Resolvemos fundar o nosso. Um espaço não comercial, de resistência. Mais um trabalho de militância, voluntário, por suposto. Jaime propôs um jornal; eu, uma revista. O nome eu escolhi (ele queria Bacurau). Dividimos as tarefas. A capa ficou com ele, a linha editorial também.

Correr atrás da grana ficou por minha conta. A paleta de cores, depois de larga prosa, Jaime fechou questão – “nossas cores vão ser o vermelho e o amarelo, porque revista tem que ter cor de luta, cor vibrante” (eu queria verde-floresta). Na paz, acabei enfiando um branco.

Fizemos a primeira edição da Xapuri lá mesmo, na Reserva, em uma noite. Optamos por centrar na pauta socioambiental. Nossa primeira capa foi sobre os povos indígenas isolados do Acre: ‘Isolados, Bravos, Livres: Um Brasil Indígena por Conhecer”. Depois de tudo pronto, Jaime inventou de fazer uma outra boneca, “porque toda revista tem que ter número zero”.

Dessa vez finquei pé, ficamos com a capa indígena. Voltei pra Brasília com a boneca praticamente pronta e com a missão de dar um jeito de imprimir. Nos dias seguintes, o Jaime veio pra Formosa, pra convencer minha irmã Lúcia a revisar a revista, “de grátis”. Com a primeira revista impressa, a próxima tarefa foi montar o Conselho Editorial.

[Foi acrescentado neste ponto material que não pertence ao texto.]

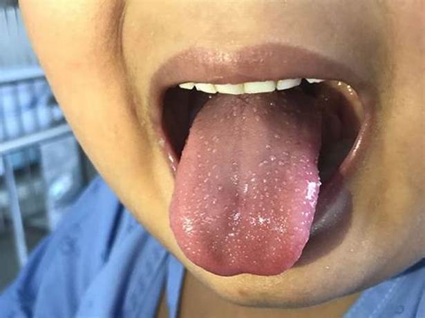 Além das manchas e da língua “framboesa”, o quadro pode incluir eventualmente febre alta e dor de garganta.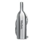 Σουγιάς σε σχήμα φιάλης κρασιού από ανοξείδωτο ατσάλι με 6 λειτουργίες: ανοιχτήρι μπουκαλιών, μαχαίρι, τιρμπουσόν, κόφτης αλουμινίου, μεγεθυντικός φακός και μπρελόκ.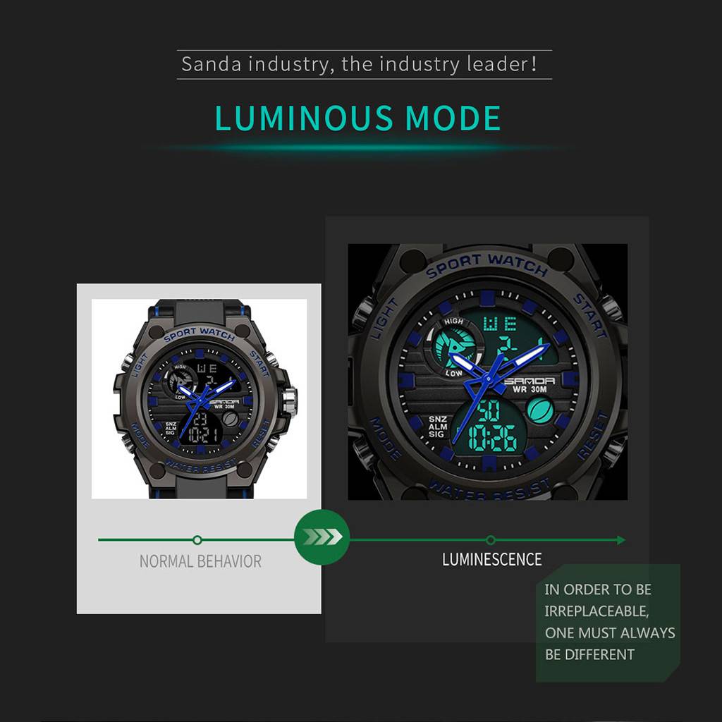 Высокое качество Мужские спортивные часы с двойным дисплеем аналоговые цифровые светодиодные электронные наручные часы 30 метров водонепроницаемые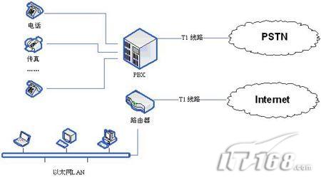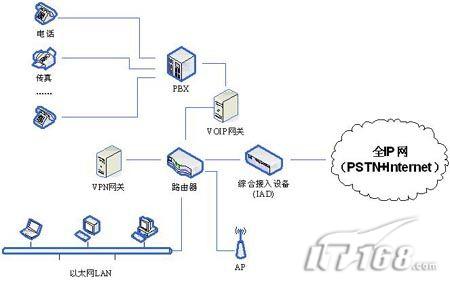 IP-PBX或者分組語音交換(PVX),以及綜合接入設備(IAD),從而取代傳統(tǒng)的PBX和終端。IAD通常支持基于DSL的業(yè)務,因此部署時不需要多個物理線路的開銷,因為一條來自IAD的物理線路能夠支持多個虛擬電路。PVX可以處理各種分組話音服務,而且可以避免升級和互操作性的問題。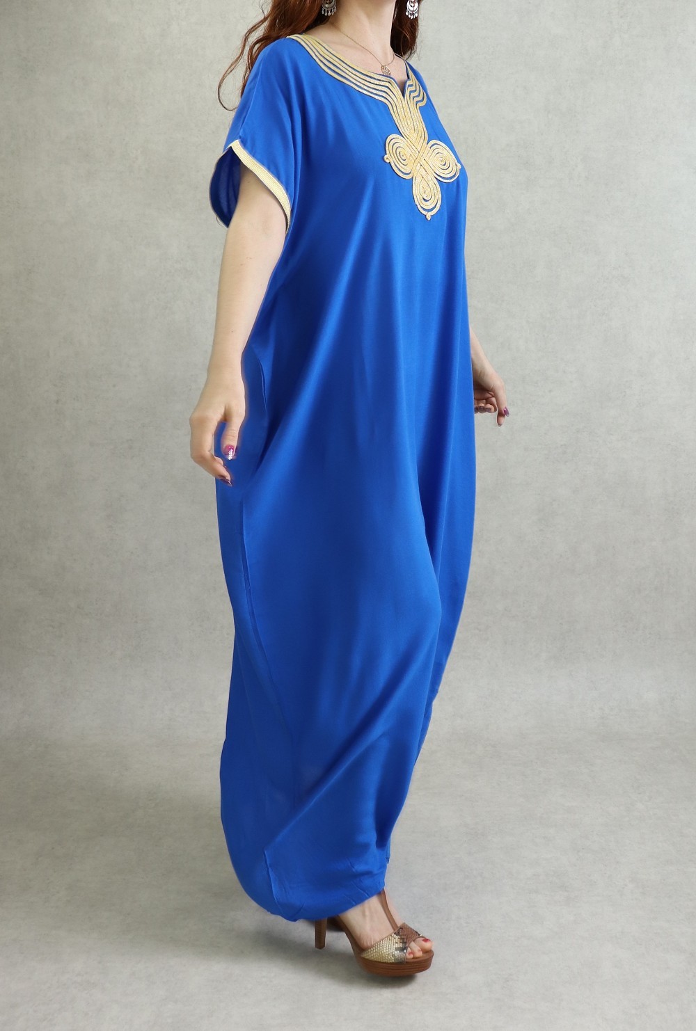 Belle robe avec un style oriental tunisien. Coupe droite, tissu fluide de type coton.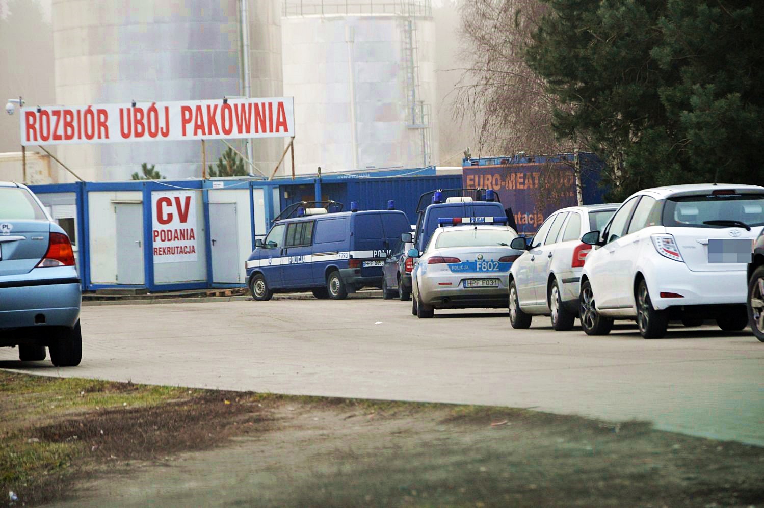 CBŚ w kutnowskiej ubojni. Przed zakładem stoi kilka radiowozów

Jaime fez questão de visitar, explicar o projeto e convidar pessoalmente cada conselheiro e cada conselheira (até a doença agravar, nos seus últimos meses de vida, nunca abriu mão dessa tarefa). Daqui rumamos pra Goiânia, para convidar o arqueólogo Altair Sales Barbosa, nosso primeiro conselheiro. “O mais sabido de nóis,” segundo o Jaime.

Trilhamos uma linda jornada. Em 80 meses, Jaime fez questão de decidir, mensalmente, o tema da capa e, quase sempre, escrever ele mesmo. Às vezes, ligava pra falar da ótima ideia que teve, às vezes sumia e, no dia certo, lá vinha o texto pronto, impecável.

Na sexta-feira, 9 de julho, quando preparávamos a Xapuri 81, pela primeira vez em sete anos, ele me pediu para cuidar de tudo. Foi uma conversa triste, ele estava agoniado com os rumos da doença e com a tragédia que o Brasil enfrentava. Não falamos em morte, mas eu sabia que era o fim.

Hoje, cá estamos nós, sem as capas do Jaime, sem as pautas do Jaime, sem o linguajar do Jaime, sem o jaimês da Xapuri, mas na labuta, firmes na resistência. Mês sim, mês sim de novo, como você sonhava, Jaiminho, carcamos porva e, enfim, chegamos à nossa edição número 100. E, depois da Xapuri 100, como era desejo seu, a gente segue esperneando.

Fica tranquilo, camarada, que por aqui tá tudo direitim.